Let's say that your parents take you to the supermarket and when they get to the cashier they forgot about an specific item (for example: ketchup) and they send you to look for it really quick so they don't lose their turn on the waiting line.
So, you start running around looking for that specific ketchup bottle that you and your parents love, but every time you ask an employee they can't give you a straight answer like:
"Go to hall #4"
Instead, they tell you:
"Oh, hmm... well. You can try getting it from hall #1, #3, #5, and maybe #8."
In this situation you would have to check all 4 halls looking for the exact ketchup bottle, since you know your parents would be mad if you come back with a different one that they expect you to bring.
That means there's something wrong with the way they organize their items.
Normalization is basically the way you organize your data so that there's only a single place where to look for it when you need it. This helps avoid duplication as well as how fast your applications can request it.
But there are different levels of normalization, sometimes you can over normalize your data, and that would affect your workflow negatively, because of over complexity. So, you may wanna do some research about that with step-by-step examples, that's the best way I found to understand this topic.
You're 5. You're enrolled at pre-school. They take your name, your address, your date-of-birth, your parents, and your parents' phone numbers, and they stick them in a big table, called "Contacts and Info".
Student
Address
DOB
Parent 1
Parent 2
Parent Phone 1
Parent Phone 2
Your parents also donate some money each month to pay for extra-curricular outings and other things, so they take the payment info for that, in another big table called "Donors".
Parent
Address
Credit Card Info
Phone Number
The Break-Up
At some point, your parents split up for some reason, and one of them starts seeing someone else. Which is fine, but now you have 3 parents the school can call, and they only have two places for parent info.
So, instead, they decide to split up the first big table:
Student
DOB
Student
Parent
Parent Phone
Parent Address
So now they can store as many parents as people have.
The Work Phone
One of your parents starts to work on a military base. They're not allowed to keep their normal phone on them all the time, because it's not TOP SECRET-worthy and doesn't shoot lasers, but they are allowed to give the school the phone number of their awesome laser-shooting phone as well. So now the school needs to store two phone numbers for one person.
They could make two rows in the table with the addresses, but then they'd be storing the address twice.

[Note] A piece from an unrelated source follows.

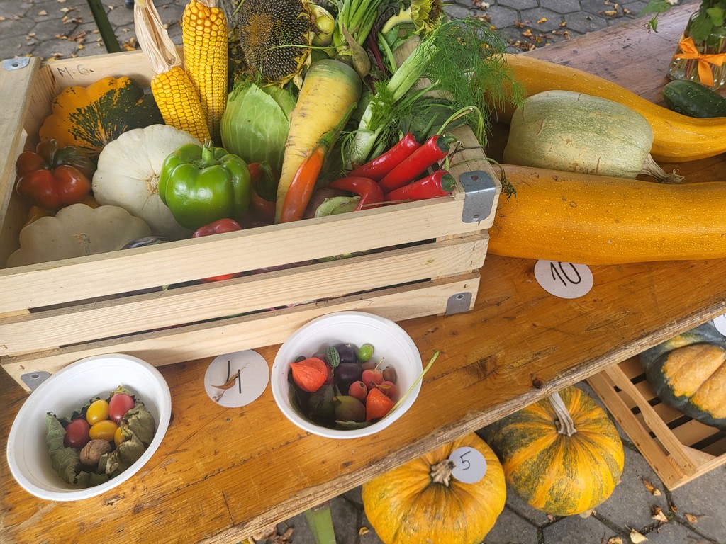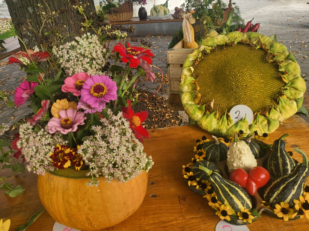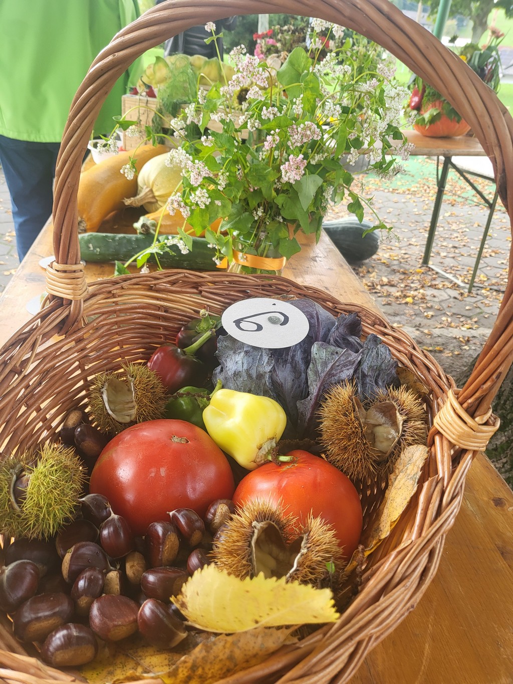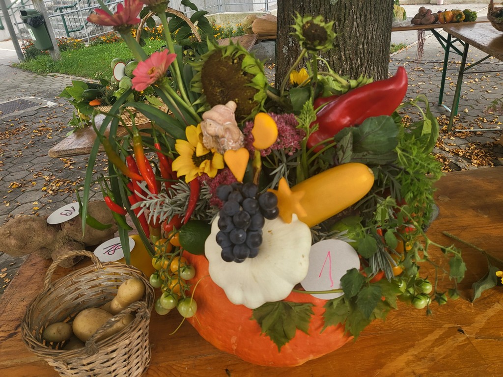 Ljudje so prinesli veliko zanimivih pridelkov, letos prvič pa tudi aranžmajev s sadjem in zelenjavo. Težko je bilo izbrati najbolj zanimiv pridelek (zmagala je družina Lipnik z ogromno bučo) in najlepši aranžma (zmagala je Mira Cerkovnik).
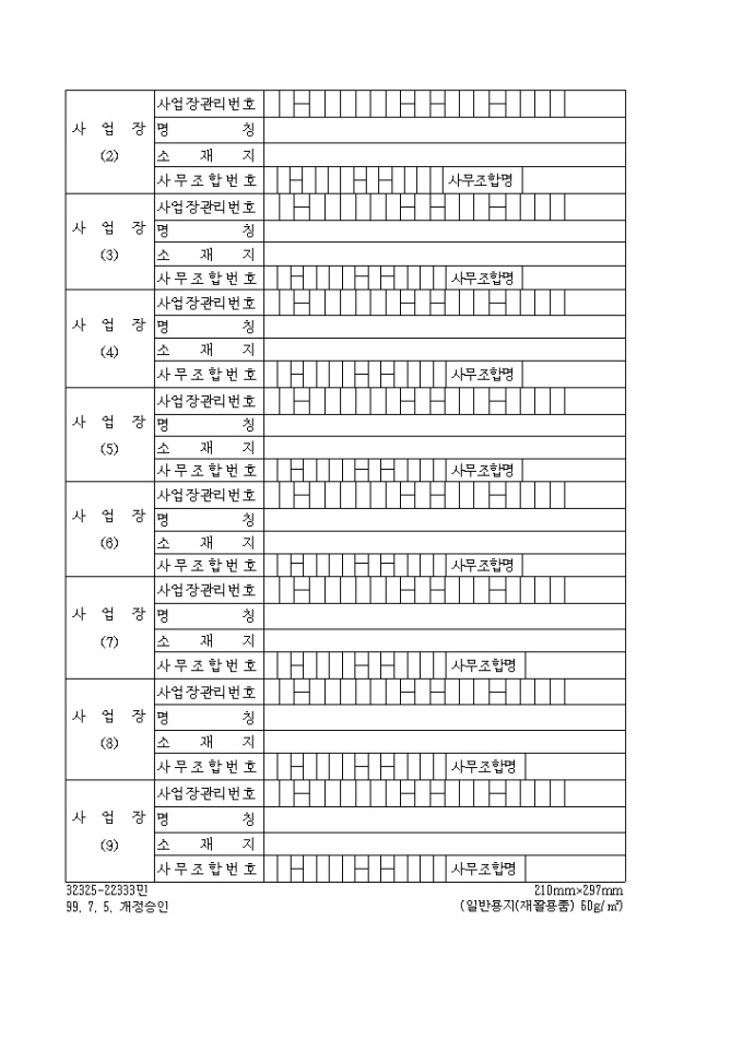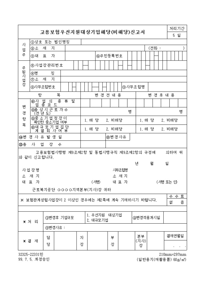 9,000원/월고용보험법시행령 제9조제2항 및 동법시행규칙 제9조제2항의 규정에 의하여 위와 같이 신고할 때 사용하는 "고용보험 우선지원 대상 기업해당(비해당)신고서" 양식입니다.

If they wanted to change the address for someone in the future, they'd have to make very sure they updated both copies, or else they wouldn't know where to send things.
They also look at the table for Donors, where they're storing phone numbers as well, (so they'd have the same problem) and decide they can make this simpler:
Student
DOB
Student
Parent
Parent
Address
Parent
Phone Number
Parent
Credit Card Info
Like this, they can store any number of phone numbers, addresses, or credit cards per parent, and they'll only ever need to change the information in one place.
What'll now be a pain is changing someone's name, so they might also give people a number internally and use those instead:
ID
Name
Student ID
DOB
Student ID
Parent ID
Parent ID
Address
Parent ID
Phone Number
Parent ID
Credit Card Info
The Cost
The cost of doing all of this is that if you want to look up, for example, what address corresponds to which phone number, you have to look up the Parent ID for both, joining those tables together. You've also had to store these ID numbers which you didn't have before, but hopefully you've saved more storage in not copying other information.
Normalisation
This process of breaking down your data into exact minimal relationships and storing those separately is database normalisation. There are various numbered normal forms which describe how much you've done this, satisfying various constraints and conditions.
NB also: in some databases, the speed cost of joining all this data back together is not what you want, and storing all the data for every row is better!
Suppose you have an e-commerce store, specialized in selling fine beers.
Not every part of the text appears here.